Physics 221
Pre-lab assignment: Write the names, title, objective, relevant equations, and the beginning of
the equipment sections. You will be writing the procedure as you perform the lab, as well as
updating the equipment list and taking data. Your notebook will be checked off during lab, and
the photocopy of the pages is due on Thursday, February 4.
Your full name
Your partners’ names
Lab 4: Finding the tension force of a cart on a ramp
Objectives:
• Calibrating a digital force sensor
• Measuring the force exerted by a stationary cart on a ramp at five different angles
• Comparing the measured value of the force to the theoretical value of the force
Introduction and relevant equations:
Newton’s second law states that the force is proportional to both the mass of the object the force
is impressed upon and the consequent acceleration of the object.

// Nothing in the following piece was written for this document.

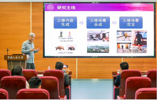 张松海老师首先从LBE大空间VR展示的火爆现象切入,随后以“三维内容生成、三维场景合成和三维场景交互”为核心议题展开深入探讨。在三维内容生成方面,他着重介绍了“单视角图像到三维模型”和“文本到三维模型”的技术路径。谈及三维场景合成,张老师指出,如何以简单高效的方式创造出“合理”的场景,是当前亟待突破的难题。他以室内和室外的三维场景生成为例,阐述了室内场景生成通过规则挖掘和设置来输出布局合理的空间,而室外场景生成则借助大语言模型,允许用户通过自然语言输入来构建和修改空间布局。在三维场景交互环节,张老师讲解了用户如何通过手工交互来编辑物体布局,使得三维场景编辑变得更加高效便捷。

(Draw a free-body diagram showing all of the forces acting on the cart. Label all of the forces
with the appropriate vector).
(Further, set up an appropriate coordinate axes to analyze the net force acting on this cart, and
then write the two equations that show the forces acting in the x and y directions).
Equipment:
• collision cart with force sensor attachment
• Vernier Dual Range Force Sensor
(Complete the list of equipment, using brand or manufacturer names where appropriate)
(Photograph or sketch of the setup. Label the various parts of the apparatus.)
Procedure:
Calibrating the force sensor
(Write the steps you used to calibrate the force sensor. Note that you should have the force sensor
setting on “10 N”. Consider how you would show that a force of 9.81 N was acting on the
sensor?)
Measuring the force exerted by the cart
(Examine the photographs below and mimic the setup; note that some of the equipment you will
use is different. Write the steps you used to measure the force exerted by the cart at five different
ramp angles. The last run should be at a 90° inclination. The force sensor setting should still be on
“10 N”. One big hint: instead of our usual rule about “1 in the last digit”, use the “play” function
on the datalogger to record 10 force measurements over a few seconds, then calculate the mean
and standard deviation (which is a better measure of uncertainty anyway).)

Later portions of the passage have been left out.